Mating takes place on the wing and copulating pairs often fall to ground or onto the water surface. After mating the female deposits her eggs in the water, either dropping them through, brushing them off on the surface, precariously landing to push them through, or crawling down some emergent plant or stone. They quickly lose energy, ending up on the surface of the water where most become food for fish lurking beneath, and hence the appeal of this annual phenomenon of the hatch when the “mayfly is up”, resulting in excellent angling conditions and a frenzy of activity. Other wildlife benefits also, with aerial predators such as dragonflies and birds joining in the feast.

Summer spectacle

So as summer arrives let us consider the fascinating lives of some of our smaller wild creatures which remain hidden and secretive. Then they either erupt in spectacular numbers to draw our attention, and that of a many other wild forms to their showy presence and the availability of a fantastic nutritional feast, or perform more vocal un-missable aerobatic displays to declare their arrival and presence for another season.
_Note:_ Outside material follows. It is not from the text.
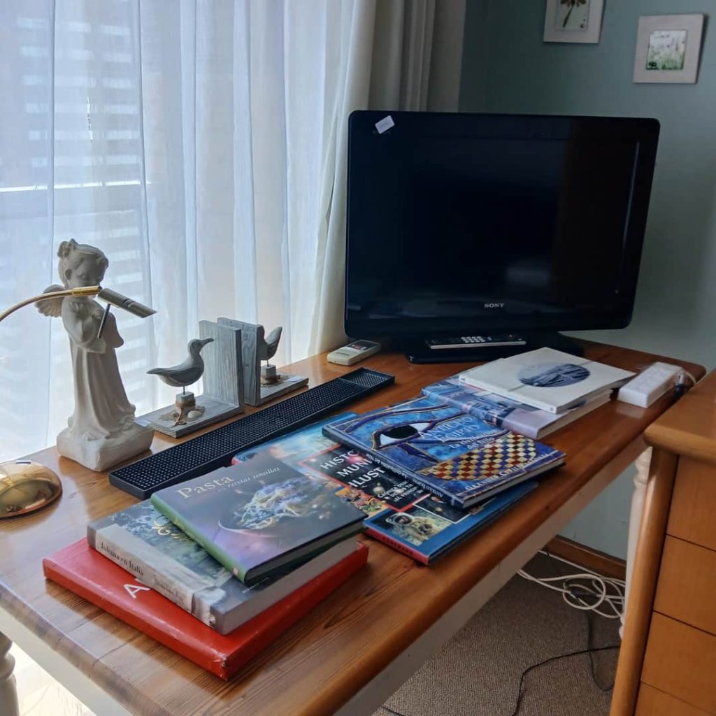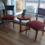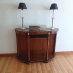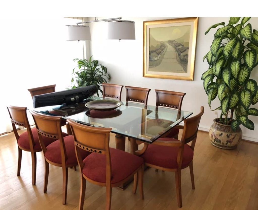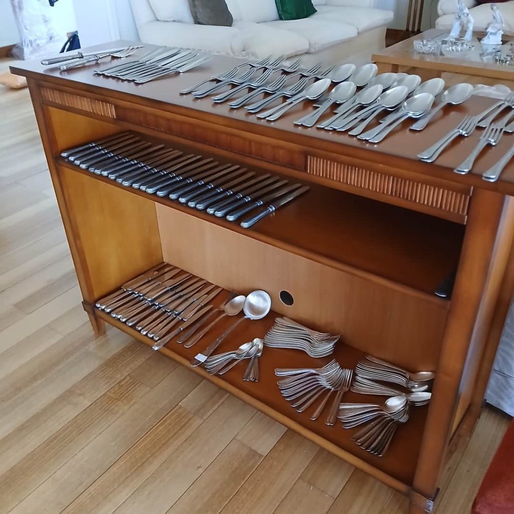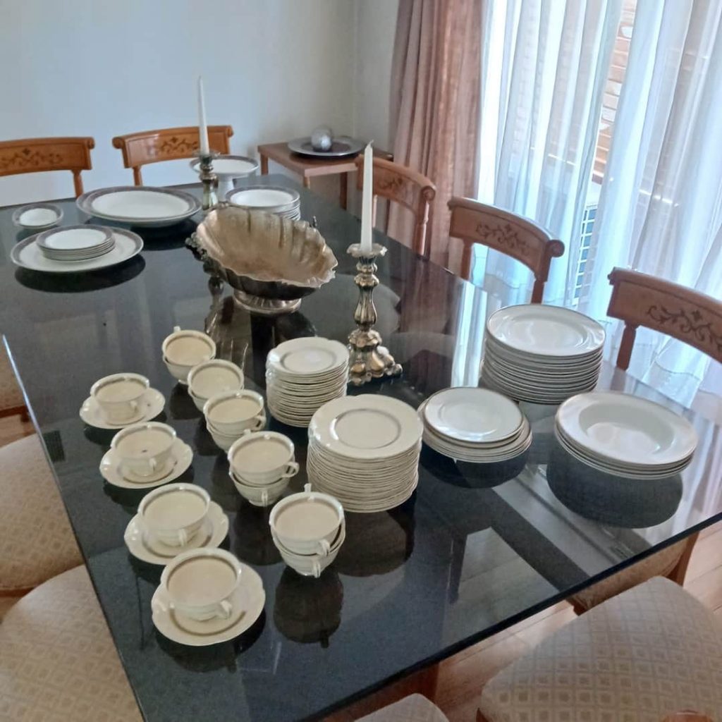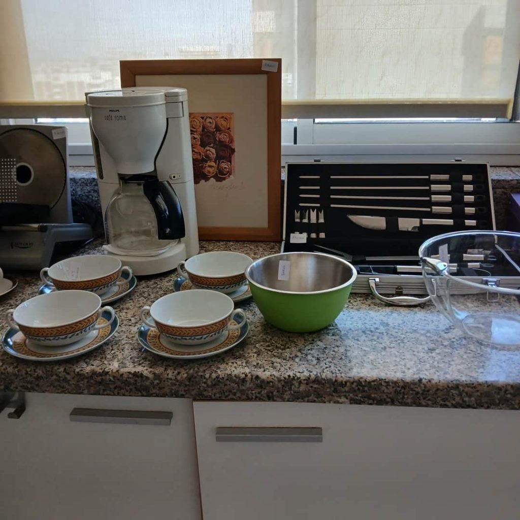 Par sofás 3 cuerpos color crudo; par sillones 1 cuerpo; par sillones bergere en tonos bordó; par sillones bergere rayado en color habano y negro; par silloncitos; banqueta tapizada; sillón relax; siloncitos con apoya brazos; mesas auxiliares: en madera, circular con 3 columnas, par circulares, circular con cajones estilo Inglés, par con 4 columnas estilo Inglés, carro 2 planos, carro de TV; 2 consolas semi curvas con aplique en bronce, otra semi curva con 3 columnas; comedor Fontenla: mesa tapa vítrea con base 100 x 180 cm, 6 sillas y 2 silloncitos; otro comedor: mesa tapa vítrea con base en madera y 10 sillas; vajillero con vitrina enchapado en raíz de nogal; bar con 5 butacas tapizadas Biedermeier; mueble con 3 cajones enchapado en raíz nogal; mueble para TV y biblioteca; mueble doble puerta corrediza; consola vítrea y hierro; cómoda con 4 cajones con espejo; percha valet; cabecera tapizada 1.60, otra en madera; par mesas de luz-Adornos y vajilla: servicio de mesa porcelana Limoges; servicio de te porcelana Tsuji; platos de postre; lote tazas de te y platos postre color crema; lote platos y 2 tazas de te en porcelana europea; 12 tazas de café en porcelana virola dorada; centro calado y 2 platos porcelana Alemana; lote te en loza Inglesa con flores azules; lote platos y bandejas en porcelana Inglesa virola azul y dorada; par floreros sangre de buey; figuras Lladró; centro en cerámica azul; cristalería, lote copas con tallas geométricas y otras, florero cristal tallado, florero copón decorado, violetero en cristal azul, floreros, canasta, caramelera decorada en amarillo y naranja, centro con pie y 6 compoteras en cristal iridiscente, compoteras en vidrio, 2 botellones color bordó, vasos de whisky y trago largo; caja de alpaca; metal plateado, par candelabros, jardinera; juego cubiertos 81 piezas, otro juego Christofle 86 piezas; reloj de pared estilo Inglés; lote campanas en bronce; cacharros de cobre; espejos biselado y con marco mimbre; óleos decorativos “Embarcaciones”, “Rostro femenino”; par lámparas en alpaca, par con asas, par en madera y platil, de pie regulable, de pie negra-TV Sony 55″; TV Sony 40″; TV Smart; equipo reproductor Samsung barra de sonido; equipo Sony amplificador; audio Samsung; pantalla y TV; calefactor eléctrico; heladera doble puerta General Electric Profile; heladera Patrick; pequeña Cava Wine Froz; secarropas Candy; lavarropas Whirlpool 9kg; heladerita Ranser; lavavajillas Candy; cortadora de fiambre; pequeños electrodomésticos, cafetera, tostadora, plancha, pava eléctrica; juego completo vajilla de diario para 6, jarras café; comedor diario; mesa circular Thonet, 4 sillas y 2 silloncitos; mesa carro de diseño con patas en aluminio, mesa rectangular con tapa vítrea y patas en caño gris, mesa carro negra y madera; balcón: sillones 1 cuerpo; bicicleta fija; libros, CD´s Pop, jazz, clásica; cortinados; mantelería y más…

And it does not all happen in the countryside, but often in the urban environment, where less effort is required, but yielding equally good results and great pleasure and satisfaction.

What to look out for in May and June

  • Daily dawn chorus
  • Late migrants arrive in early May – Spotted Flycatcher, Swift, Grasshopper Warbler and Corncrake.
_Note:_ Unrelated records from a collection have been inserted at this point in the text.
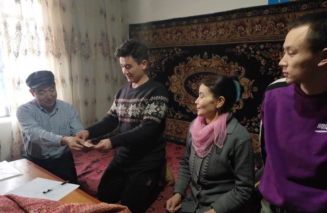 为继续写好2019年学生资助工作 “奋进之笔”,精准资助、育人育心,将党和国家的浓情厚爱深植学生心中,激发他们奋发图强、报效祖国, 2019年寒假,学工部资助中心老师迪力木拉提、迪丽达尔与李帝、李娜、阿布拉江、艾赛提等新疆内派老师深入喀什、阿克苏、库尔勒、轮台、伊犁、乌鲁木齐等地区,走进57名学生家庭,带去学校的深情和牵挂,传递党和国家的温暖。
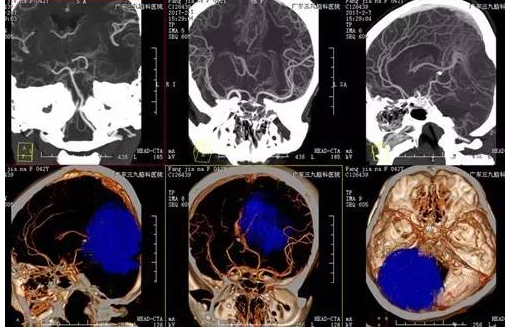 入院后完善相关术前检查, CTA显示肿瘤血供丰富,磁共振增强邻近脑组织稍扩大,显示肿瘤大小8.0cm*7.2cm*6.5cm,考虑到患者瘤体大,血管丰富,为保证病人的安全,科室专家讨论,选择择期全麻下行“小脑幕脑膜瘤切除术”,手术由神经外一科主任张良主刀完成,术程顺利,术后患者恢复良好,未见明确并发症,术后MR提示肿瘤切除,术后病理提示纤维细胞型脑膜瘤(WHO I级)。
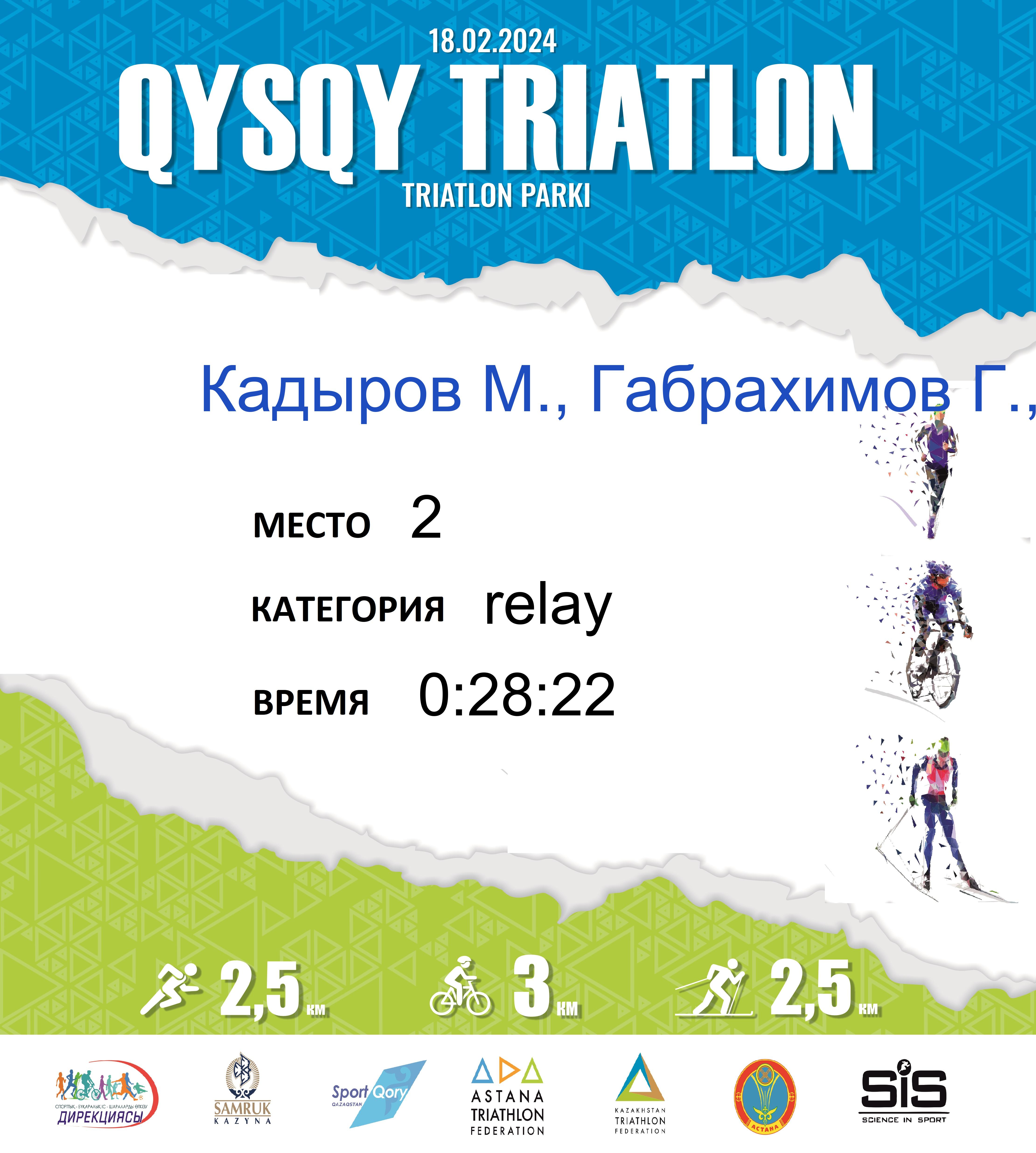 | 1 | Сейтбеков Б., Нурканов А. | 208 | relay | 7 | 0:27:47 | Download | |
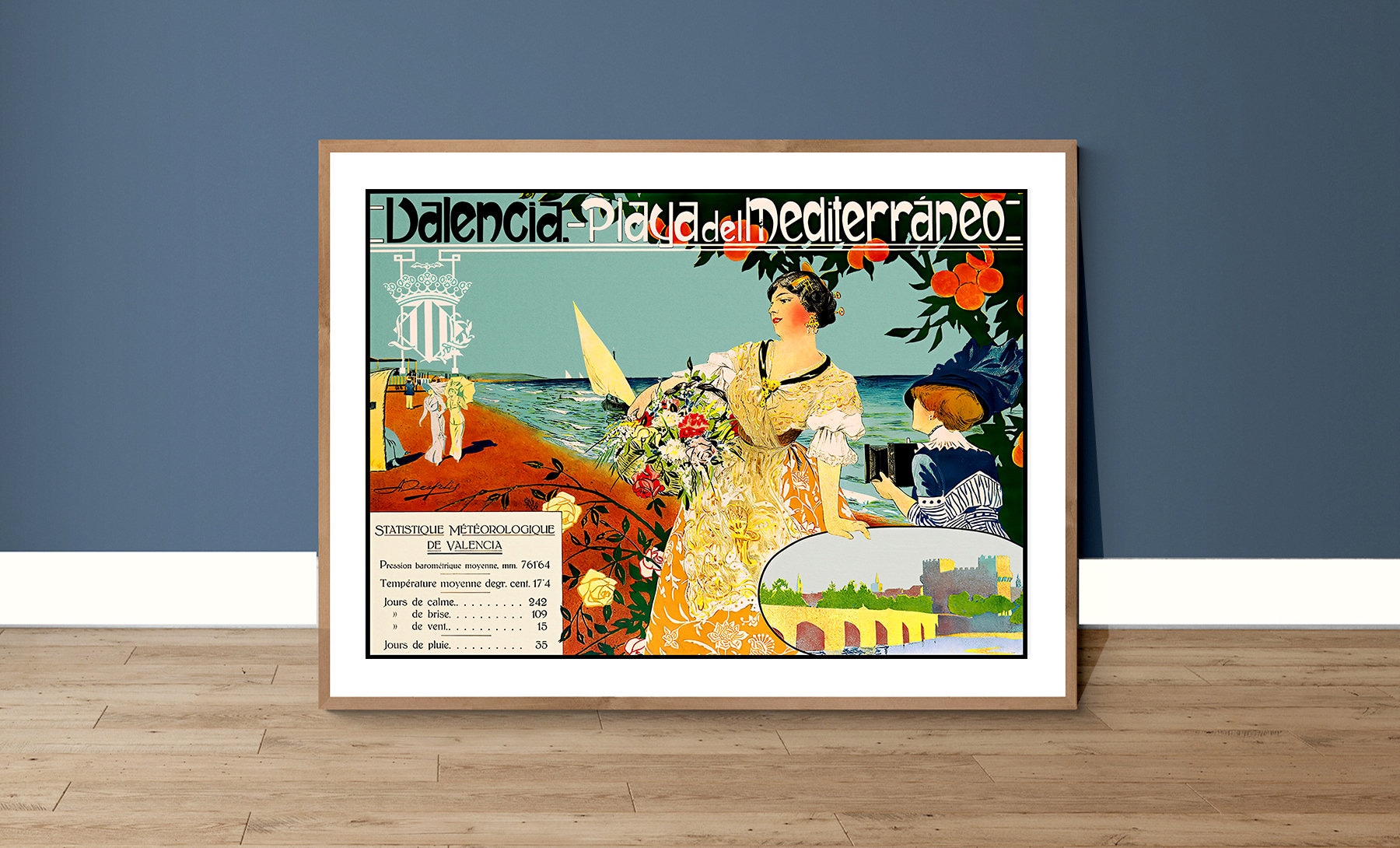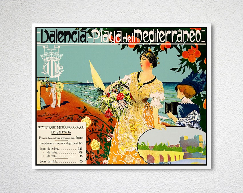 Valencia Spain Vintage Travel Poster: Playa del Mediterraneo Art Print
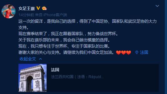 王霜回应提前结束留洋传闻:将慎重选择 专注世界杯
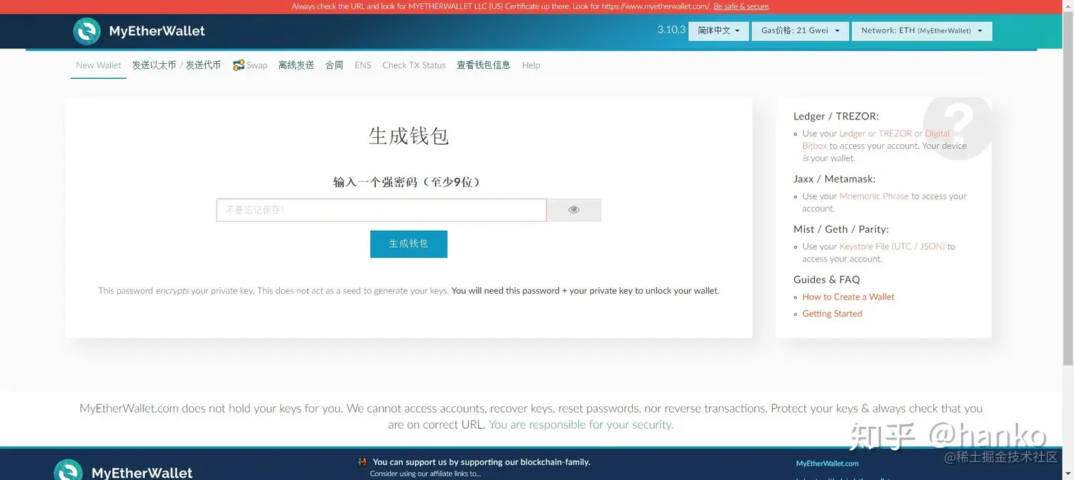 MyEtherWallet 作为一个轻钱包,上手难道不大,无需下载,在直接在网页上就可以完成所有的操作。在MyEtherWallet上生成的私钥由用户自我保管,平台方并无备份。

  • Swallows nesting in sheds (saucer-shaped nest), House Martins under the eaves (closed nest with entrance at top), Swifts behind fascia.
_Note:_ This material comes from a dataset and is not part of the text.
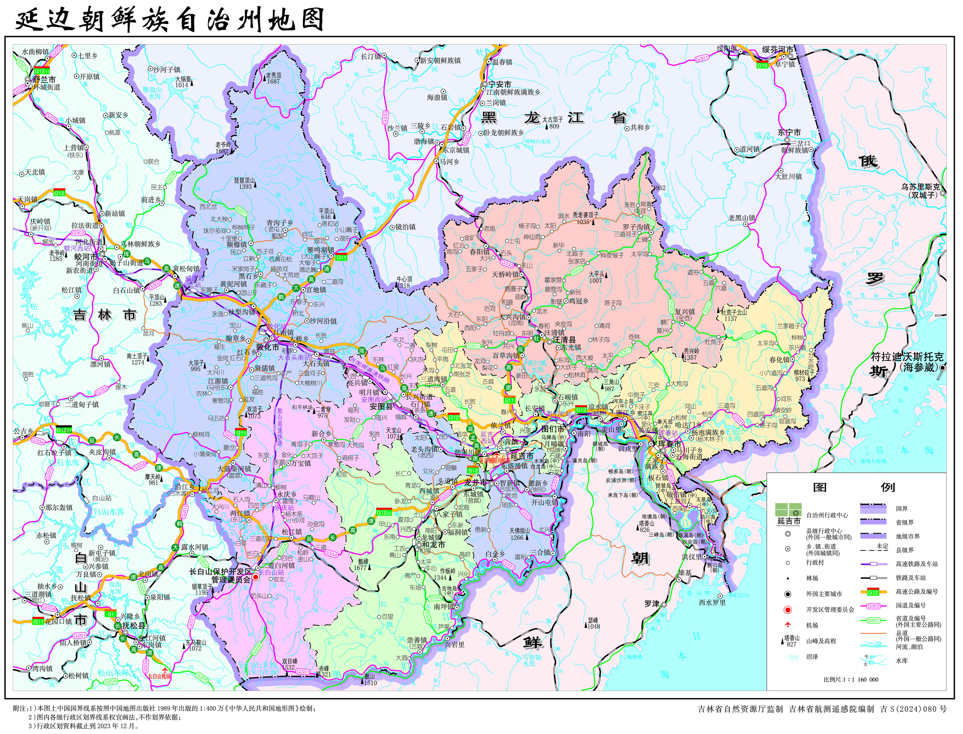 延邊朝鮮族自治州位于吉林省東部,地處中、朝、俄三國交界,面臨日本海,東與俄羅斯濱海邊疆區(qū)接壤;南隔圖們江與朝鮮咸鏡北道、兩江道相望;西臨吉林市、白山市;北接黑龍江省牡丹江市。州內(nèi)有5個邊境縣(市),642個邊境村屯;邊境線總長768.5千米,中朝邊境線522.5千米,中俄邊境線246千米。全州土地總面積為4.33萬平方千米,約占吉林省總面積的四分之一。
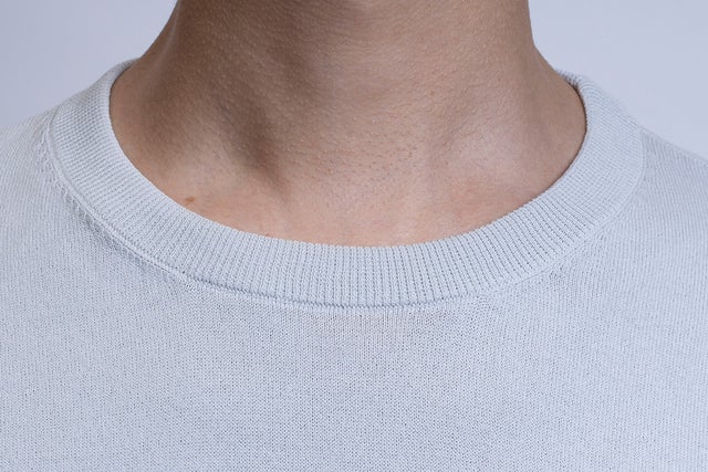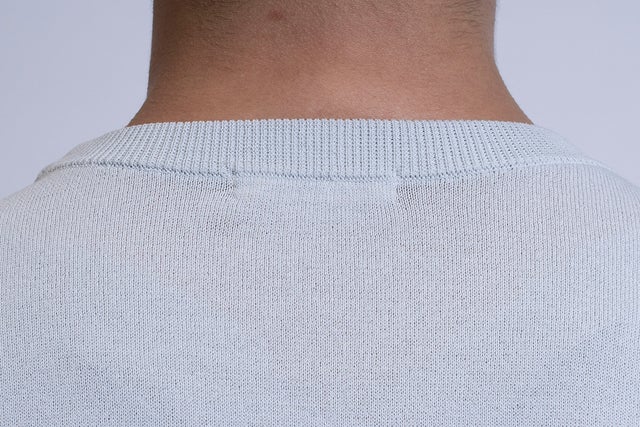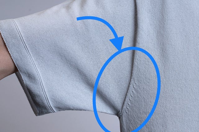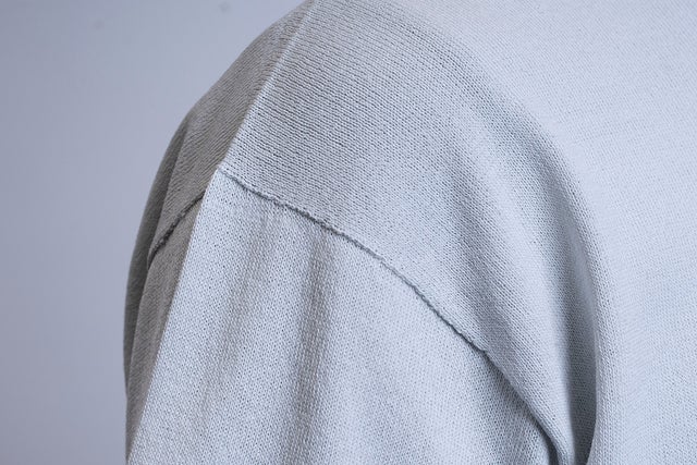 高級ニットだけに見られる、完成度に差が付く技法「ファッショニングマーク」が衿周り、袖付周りにあります。

  • Mayflies metamorphose and emerge from the water, for their brief lives as winged insects, to breed.
  • Drumming of Snipe.
  • Bird fledglings and young mammals about.
  • Hedgehogs foraging at night.
  • Bats establishing maternity roosts.
  • Butterflies, moths, damselflys, dragonflys active.
  • Wild garlic and bluebells carpeting woodland floors
  • Whitethorn, Elder, Cow Parsley and Orchids in bloom
  • Natural grassland providing colourful display.